▸ **TASK GOAL**
Using the data that follows, return exactly the lines from the one that contains "开奖回顾:排列三第20230" through the one that contains "In equations 20a", ends included.
==========
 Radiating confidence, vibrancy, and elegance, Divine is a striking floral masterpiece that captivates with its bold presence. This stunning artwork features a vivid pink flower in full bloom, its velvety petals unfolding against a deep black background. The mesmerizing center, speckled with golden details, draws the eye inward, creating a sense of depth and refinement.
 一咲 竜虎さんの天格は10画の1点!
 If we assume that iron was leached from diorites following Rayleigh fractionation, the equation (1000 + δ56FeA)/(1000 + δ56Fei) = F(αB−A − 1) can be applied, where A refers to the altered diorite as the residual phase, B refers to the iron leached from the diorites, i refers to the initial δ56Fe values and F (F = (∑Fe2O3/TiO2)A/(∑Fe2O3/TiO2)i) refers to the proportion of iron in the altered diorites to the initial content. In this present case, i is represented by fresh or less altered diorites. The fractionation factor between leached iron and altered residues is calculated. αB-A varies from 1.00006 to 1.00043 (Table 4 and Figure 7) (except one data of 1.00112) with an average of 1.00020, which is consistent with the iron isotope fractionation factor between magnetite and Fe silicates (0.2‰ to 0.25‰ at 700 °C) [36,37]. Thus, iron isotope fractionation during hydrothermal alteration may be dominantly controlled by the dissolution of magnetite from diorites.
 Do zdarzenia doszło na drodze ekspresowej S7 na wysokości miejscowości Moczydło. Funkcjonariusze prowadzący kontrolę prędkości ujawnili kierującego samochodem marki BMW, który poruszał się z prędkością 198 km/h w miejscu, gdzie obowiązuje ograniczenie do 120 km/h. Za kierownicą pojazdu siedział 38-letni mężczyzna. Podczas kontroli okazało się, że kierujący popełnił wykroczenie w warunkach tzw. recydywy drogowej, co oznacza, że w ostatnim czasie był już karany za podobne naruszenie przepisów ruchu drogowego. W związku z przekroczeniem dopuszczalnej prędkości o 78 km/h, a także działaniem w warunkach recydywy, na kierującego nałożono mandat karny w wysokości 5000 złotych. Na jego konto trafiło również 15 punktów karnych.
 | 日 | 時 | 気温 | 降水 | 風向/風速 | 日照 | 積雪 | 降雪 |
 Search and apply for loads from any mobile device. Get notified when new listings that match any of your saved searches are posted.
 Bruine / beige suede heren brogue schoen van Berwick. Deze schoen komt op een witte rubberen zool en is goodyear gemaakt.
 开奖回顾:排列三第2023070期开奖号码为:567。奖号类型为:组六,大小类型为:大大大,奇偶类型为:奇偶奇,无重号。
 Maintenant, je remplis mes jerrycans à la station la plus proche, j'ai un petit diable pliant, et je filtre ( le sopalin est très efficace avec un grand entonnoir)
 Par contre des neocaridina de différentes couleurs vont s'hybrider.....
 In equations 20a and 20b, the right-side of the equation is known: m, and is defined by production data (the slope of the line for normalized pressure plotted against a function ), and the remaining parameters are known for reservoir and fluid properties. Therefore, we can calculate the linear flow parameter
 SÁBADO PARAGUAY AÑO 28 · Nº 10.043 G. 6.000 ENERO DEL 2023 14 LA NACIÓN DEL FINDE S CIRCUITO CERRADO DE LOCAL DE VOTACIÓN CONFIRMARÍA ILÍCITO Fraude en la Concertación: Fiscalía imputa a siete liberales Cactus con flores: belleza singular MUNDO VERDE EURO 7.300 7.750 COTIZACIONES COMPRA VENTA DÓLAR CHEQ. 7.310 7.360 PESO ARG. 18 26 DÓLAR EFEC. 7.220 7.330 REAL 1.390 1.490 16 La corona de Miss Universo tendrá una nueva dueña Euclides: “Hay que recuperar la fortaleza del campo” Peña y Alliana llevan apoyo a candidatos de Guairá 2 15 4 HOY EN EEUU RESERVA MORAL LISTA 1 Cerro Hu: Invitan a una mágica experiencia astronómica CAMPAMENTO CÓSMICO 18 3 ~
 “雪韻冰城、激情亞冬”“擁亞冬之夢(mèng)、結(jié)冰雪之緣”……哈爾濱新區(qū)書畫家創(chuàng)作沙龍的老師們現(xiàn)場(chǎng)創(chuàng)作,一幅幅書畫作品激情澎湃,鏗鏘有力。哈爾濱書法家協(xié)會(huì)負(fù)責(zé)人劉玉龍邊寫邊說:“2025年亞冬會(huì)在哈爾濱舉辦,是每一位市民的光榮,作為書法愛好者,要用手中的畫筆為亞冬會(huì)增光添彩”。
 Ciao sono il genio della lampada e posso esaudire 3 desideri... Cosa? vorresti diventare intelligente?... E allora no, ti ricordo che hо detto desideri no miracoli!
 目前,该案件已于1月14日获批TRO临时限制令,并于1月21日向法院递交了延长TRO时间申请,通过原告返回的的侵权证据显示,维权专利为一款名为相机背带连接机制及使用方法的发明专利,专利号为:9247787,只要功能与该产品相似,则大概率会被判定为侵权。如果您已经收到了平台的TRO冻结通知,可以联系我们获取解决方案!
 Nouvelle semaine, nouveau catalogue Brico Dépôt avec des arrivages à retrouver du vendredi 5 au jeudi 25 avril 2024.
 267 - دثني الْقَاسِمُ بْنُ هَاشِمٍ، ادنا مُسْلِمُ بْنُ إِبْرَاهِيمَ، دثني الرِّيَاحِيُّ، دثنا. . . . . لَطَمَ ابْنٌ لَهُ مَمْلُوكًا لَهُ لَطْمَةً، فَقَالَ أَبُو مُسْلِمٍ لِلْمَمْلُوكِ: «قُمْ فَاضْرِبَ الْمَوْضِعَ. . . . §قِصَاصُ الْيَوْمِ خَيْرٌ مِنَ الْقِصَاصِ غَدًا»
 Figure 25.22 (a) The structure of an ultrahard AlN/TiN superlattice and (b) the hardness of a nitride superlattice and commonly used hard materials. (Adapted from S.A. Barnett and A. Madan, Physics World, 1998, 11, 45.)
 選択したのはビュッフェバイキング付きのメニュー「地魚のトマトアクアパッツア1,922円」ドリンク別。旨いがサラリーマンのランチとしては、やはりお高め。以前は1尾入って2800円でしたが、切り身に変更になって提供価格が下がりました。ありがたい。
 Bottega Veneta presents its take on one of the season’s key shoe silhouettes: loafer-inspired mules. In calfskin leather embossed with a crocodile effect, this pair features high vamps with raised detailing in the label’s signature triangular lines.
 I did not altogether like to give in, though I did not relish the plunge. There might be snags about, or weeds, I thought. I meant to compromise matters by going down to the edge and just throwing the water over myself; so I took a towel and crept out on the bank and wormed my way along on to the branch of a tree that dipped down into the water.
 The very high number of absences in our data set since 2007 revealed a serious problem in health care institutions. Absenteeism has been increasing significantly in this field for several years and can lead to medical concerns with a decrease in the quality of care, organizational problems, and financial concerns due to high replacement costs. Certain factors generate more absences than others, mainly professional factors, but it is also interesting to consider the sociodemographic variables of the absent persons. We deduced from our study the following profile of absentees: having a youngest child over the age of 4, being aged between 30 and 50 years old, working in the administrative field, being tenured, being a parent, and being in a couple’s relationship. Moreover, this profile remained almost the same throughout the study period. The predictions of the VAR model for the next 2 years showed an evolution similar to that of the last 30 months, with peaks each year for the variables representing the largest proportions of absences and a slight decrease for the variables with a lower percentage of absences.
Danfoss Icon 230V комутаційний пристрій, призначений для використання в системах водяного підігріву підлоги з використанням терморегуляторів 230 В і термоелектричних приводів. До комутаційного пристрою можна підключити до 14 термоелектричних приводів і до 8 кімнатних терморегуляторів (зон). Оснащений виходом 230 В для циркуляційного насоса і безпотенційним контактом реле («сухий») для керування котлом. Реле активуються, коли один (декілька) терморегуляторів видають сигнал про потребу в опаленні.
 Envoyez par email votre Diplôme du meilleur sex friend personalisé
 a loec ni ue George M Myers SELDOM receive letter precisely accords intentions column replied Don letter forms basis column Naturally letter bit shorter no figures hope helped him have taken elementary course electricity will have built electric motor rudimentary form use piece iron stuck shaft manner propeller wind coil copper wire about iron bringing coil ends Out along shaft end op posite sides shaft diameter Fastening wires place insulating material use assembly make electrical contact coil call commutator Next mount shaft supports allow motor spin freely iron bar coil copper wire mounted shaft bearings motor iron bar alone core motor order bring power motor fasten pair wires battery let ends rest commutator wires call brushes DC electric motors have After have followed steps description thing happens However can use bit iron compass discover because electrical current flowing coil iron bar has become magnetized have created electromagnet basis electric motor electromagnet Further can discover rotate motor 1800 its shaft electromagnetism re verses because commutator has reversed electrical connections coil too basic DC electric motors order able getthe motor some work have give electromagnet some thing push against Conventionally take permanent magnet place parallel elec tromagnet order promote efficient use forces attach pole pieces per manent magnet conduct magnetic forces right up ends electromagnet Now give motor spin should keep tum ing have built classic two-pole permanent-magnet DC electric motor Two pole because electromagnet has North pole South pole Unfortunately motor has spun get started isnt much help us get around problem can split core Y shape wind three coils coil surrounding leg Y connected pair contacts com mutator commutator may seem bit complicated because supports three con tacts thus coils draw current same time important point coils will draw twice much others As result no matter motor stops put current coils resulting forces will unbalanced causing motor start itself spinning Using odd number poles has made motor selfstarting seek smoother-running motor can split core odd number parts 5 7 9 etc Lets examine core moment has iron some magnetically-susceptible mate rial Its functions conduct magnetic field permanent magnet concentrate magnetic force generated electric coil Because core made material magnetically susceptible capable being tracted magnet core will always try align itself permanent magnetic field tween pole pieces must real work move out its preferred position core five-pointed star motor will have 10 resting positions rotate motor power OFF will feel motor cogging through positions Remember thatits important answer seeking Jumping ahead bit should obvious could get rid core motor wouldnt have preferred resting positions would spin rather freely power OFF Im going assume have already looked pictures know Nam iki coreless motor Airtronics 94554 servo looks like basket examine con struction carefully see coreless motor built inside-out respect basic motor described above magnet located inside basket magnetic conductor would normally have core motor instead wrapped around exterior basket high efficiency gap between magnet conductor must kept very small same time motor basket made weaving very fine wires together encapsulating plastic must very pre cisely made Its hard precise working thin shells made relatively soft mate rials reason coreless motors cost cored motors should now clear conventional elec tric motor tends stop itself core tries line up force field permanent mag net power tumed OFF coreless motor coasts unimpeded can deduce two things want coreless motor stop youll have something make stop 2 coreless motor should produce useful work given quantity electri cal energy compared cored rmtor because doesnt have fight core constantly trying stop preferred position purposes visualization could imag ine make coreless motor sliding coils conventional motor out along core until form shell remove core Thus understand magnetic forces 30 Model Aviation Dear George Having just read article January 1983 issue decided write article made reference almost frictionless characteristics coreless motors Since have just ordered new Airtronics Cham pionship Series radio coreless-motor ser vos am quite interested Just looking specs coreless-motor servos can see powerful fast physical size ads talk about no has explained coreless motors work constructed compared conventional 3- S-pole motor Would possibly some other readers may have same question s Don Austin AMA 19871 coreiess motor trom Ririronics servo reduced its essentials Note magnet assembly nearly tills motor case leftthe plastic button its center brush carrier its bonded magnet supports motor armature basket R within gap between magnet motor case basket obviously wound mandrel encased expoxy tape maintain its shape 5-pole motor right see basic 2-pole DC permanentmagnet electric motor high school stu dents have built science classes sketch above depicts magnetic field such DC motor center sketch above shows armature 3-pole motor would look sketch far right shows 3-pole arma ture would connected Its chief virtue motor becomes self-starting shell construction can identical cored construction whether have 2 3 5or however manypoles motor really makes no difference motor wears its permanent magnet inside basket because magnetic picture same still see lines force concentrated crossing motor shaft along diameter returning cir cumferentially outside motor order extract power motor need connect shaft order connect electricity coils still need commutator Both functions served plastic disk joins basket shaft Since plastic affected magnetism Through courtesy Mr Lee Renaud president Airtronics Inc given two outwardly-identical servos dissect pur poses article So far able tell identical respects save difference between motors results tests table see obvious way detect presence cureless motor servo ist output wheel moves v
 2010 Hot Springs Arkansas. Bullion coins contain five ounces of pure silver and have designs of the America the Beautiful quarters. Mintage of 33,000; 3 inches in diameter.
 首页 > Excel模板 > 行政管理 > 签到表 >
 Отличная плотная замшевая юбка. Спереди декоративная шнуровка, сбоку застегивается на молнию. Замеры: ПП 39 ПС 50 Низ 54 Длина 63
==========
▸ **TASK OUTPUT**
 开奖回顾:排列三第2023070期开奖号码为:567。奖号类型为:组六,大小类型为:大大大,奇偶类型为:奇偶奇,无重号。
 Maintenant, je remplis mes jerrycans à la station la plus proche, j'ai un petit diable pliant, et je filtre ( le sopalin est très efficace avec un grand entonnoir)
 Par contre des neocaridina de différentes couleurs vont s'hybrider.....
 In equations 20a and 20b, the right-side of the equation is known: m, and is defined by production data (the slope of the line for normalized pressure plotted against a function ), and the remaining parameters are known for reservoir and fluid properties. Therefore, we can calculate the linear flow parameter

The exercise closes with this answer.